The Painter’s Lover, reviewed by Zoran Minderovic
17 April 2015


Nanny and Child, by Eva Gonzalès

At first glance, this enigmatic and fascinating novel (Le Fifre, Écriture, 2015), beautifully translated into English by Annie Heminway and Ellen Sowchek, seems quite conventional, even banal—another tale of illicit love. Indeed, are not all narratives about passionate love merely repetitions, ad nauseam, poorly or ably executed, of the archetypal and universal story that is exemplified by the myth of Tristan and Isolde? Nevertheless, once the reader becomes aware of the novel’s place in the mythopoetic context of Western literature, a striking irregularity, so to speak, appears: here we find no femme fatale, such as Goethe’s Charlotte in The Sorrows of Young Werther, or the female vampire of paranoid folklore. No, Eva Gonzalès, who was first Édouard Manet’s disciple and then his lover, is, above all, a magnificent artist who happens to be spellbound by passionate love—embodied by her teacher. It is, in fact Manet, who, as homme fatal, leads us to the vampire legend.
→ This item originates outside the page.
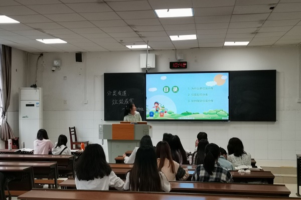 活动伊始,青委王思思组织志愿者们在至善楼102教室开展垃圾分类主题活动班会,讲述垃圾分类的相关知识以及它的重要性。志愿者分享参与此次活动的心得并以QQ说说的形式线上宣传垃圾分类的知识。

The reader is reminded of Wilhelm, the dead horseman of Gottfried August Bürger’s poem Lenore (masterfully translated by Dante Gabriel Rossetti), an emblematic representation of vampirism in Western literature. And it should be noted that while the journey of Lenore, who follows her lover, does not last more than one night, the passion of Eva, who dedicates herself to Manet, is a lifelong fascination.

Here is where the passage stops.